Tasks from the seventh chapter of Stephen Prata’s book “C Primer Plus” – “C Control Operators: Branching and Jumps”.
1. Write a program that reads input until a # character is encountered, and then displays the number of spaces read, the number of newlines, and the number of all other characters.
IN THE PROCESS OF WRITING
#include <stdio.h> int main (void) { char ch; int space = 0; int newline = 0; int all_char = 0; printf("Please enter something..\n"); while ((ch = getchar()) != '#') { if (ch== ' ') space++; if (ch== '\n') newline++; all_char++; } printf("%d spaces | %d newlines | %d all", space, newline, all_char); getchar();getchar(); return 0; }
2. Write a program that reads input until the # character is encountered. The program should output each character entered and its ASCII decimal code. Each output line must contain eight character-code pairs.
Hint: Use the character counter and the modulo (%) operation to
output a newline character every eighth iteration of the loop.
#include <stdio.h> int main (void) { char ch; int n=0; printf("Please enter something (# to quit)..\n"); while ((ch = getchar()) != '#') { if (ch != '\n' && ch != ' ') { printf("%c-%d ", ch, ch); n++; } if ((n % 8) == 0) printf("\n"); } getchar(); return 0; }
3. Write a program that reads integers until the number 0 is encountered. After stopping input, the program should report the total number of even integers entered (excluding 0), the average of even integers entered, the total number of odd integers entered and the mean of odd numbers.
#include <stdio.h> int main (void) { int i; int even = 0; int sum_even = 0; int odd = 0; int sum_odd = 0; float average_even, average_odd; printf("Enter integer number (0 to quit)..\n"); while (scanf("%d", &i) == 1 && i !=0 ) { if ( (i%2) == 0 ) { even++; sum_even += i; } else { odd++; sum_odd += i; } } if (even > 0) { average_even = sum_even/(float)even; printf("Even numbers: %d (average %.0f)\n", even, average_even); } if (odd > 0) { average_odd = sum_odd/(float)odd; printf("Odd numbers %d (average %.0f)", odd, average_odd); } getchar();getchar(); return 0; }
4. Using if else statements, write a program that reads input
data until it encounters the # symbol, replaces each dot with an exclamation point
sign, initially present exclamation marks – with two exclamation marks and at the end reports the number of replacements made.
#include <stdio.h> int main (void) { char ch; int count=0; printf("Enter something (# to quit)\n"); while ((ch = getchar()) != '#') { if (ch == '.') { ch = '!'; count++; printf("%c", ch); } else if (ch == '!') { putchar('!'); putchar('!'); count++; } else printf("%c", ch); } printf("There were %d replacements", count); getchar();getchar(); return 0; }
5. Do Exercise 4, but with a switch statement.

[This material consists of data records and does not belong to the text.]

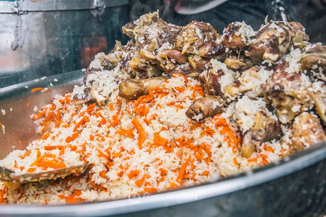 抓饭特别讲究,7种原料肯定少不了:胡萝卜,洋葱,羊肉,羊油,大米,盐和水。放入大块羊肉反复翻炒,之后加入胡萝卜和洗好的米焖煮。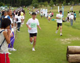 ひろしまクロスカントリー大会に桜井さん,和崎さん,めたろ〜さん,maruさん,ツガニさんと参加しました(全員8qの部)。また,しもさんファミリーが来場されており,こたろ〜君が1qの部に出場し惜しくも入賞を逃してしまいました。天気予報では午前中から雨が本降りになるようなことを言っていましたが,10時前に会場に着くと風は強いものの時々陽も射すような天気で帽子等の夏用装備を持って来なかったことが悔やまれました。 スタート時間は12時30分と夏場に開催される大会としてはとんでもない時間帯ですが,幸い陽射しもなくなりかなり涼しさも感じられる中で号砲が鳴りました。スタート前に私の母校であるE大学のユニフォームを着た選手を発見し,よせばいいのに第1周回(2q)は彼に付いていってしまいました。 第1周回は8′08″くらいで通過しましたが,明らかに飛ばしすぎでそこからは後続の選手に抜かれる一方となりました。第2周回の給水所で水を飲んでいたら,ツガニさんがスッと抜いていかれました。何とか後を追い丸太障害の飛越で逆転しゴールまで逃げ切りました。第3周回は第2周回より粘ることができましたが,前を行く選手をほとんど抜くことなく終わりました。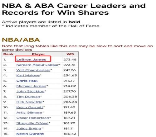 这场比赛后詹姆斯的常规赛Winshare(胜利贡献值)已经超过天勾贾巴尔登顶历史第一,詹姆斯是273.48,贾巴尔273.41,接下来勒布朗的每一场比赛都会刷新胜利贡献值历史新高,他再度成为行走的纪录产生仪。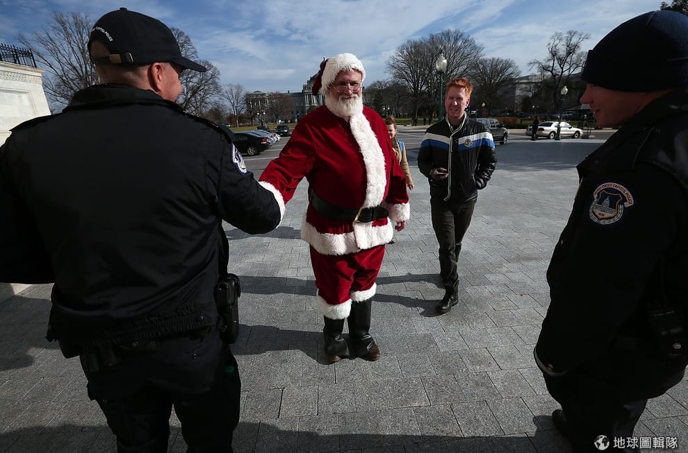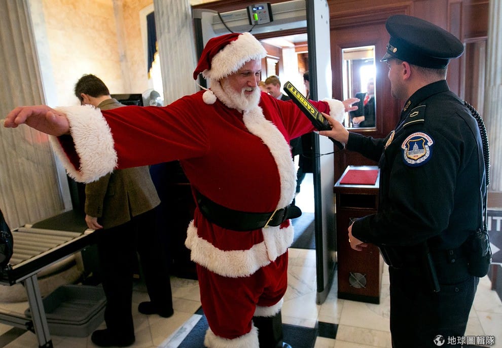 身負重任的聖誕老公公,進入國會山莊前也要接受精密的檢查!如果帶了小朋友的玩具可是會畢畢叫啊!圖片來源:Win McNamee/Getty Images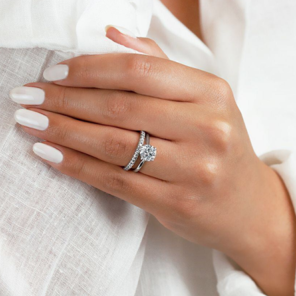 Обручальное и помолвочное кольцо на одном пальце.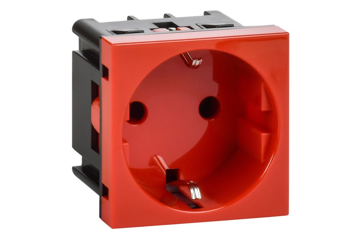 Розетка с заземляющим контактом защитной шторкой и винтовым зажимом IEK (Legrand) (2 модуля) красная предназначена для присоединения однофазных электрических потребителей к сети переменного тока напряжением 250В~ и частотой 50/60 Гц. Розетка поставляется с лицевой панель и устанавливаются в кабель-каналы DLP и Metra посредством соответствующих суппорт-рамок и в систему организации рабочих мест (лючки и колонны). Цвет: красный.
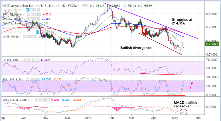 - The pair is struggling at 21-EMA at 0.7571 and decisive break above could see further upside.

#include <stdio.h> int main (void) { char ch; int count=0; printf("Enter something (# to quit)\n"); while ((ch = getchar()) != '#') { switch (ch) { case '.': { count++; putchar('!'); break; } case '!': { putchar('!'); putchar('!'); count++; break; } default: printf("%c", ch); } } printf("There were %d replacements", count); getchar();getchar(); return 0; }
6. Write a program that reads input until it encounters the # character and reports the number of occurrences of the sequence ei.
On a note!
This program should “remember” the previous character as well as the current character. Test it against an input sequence like “Receive your eieio award#”.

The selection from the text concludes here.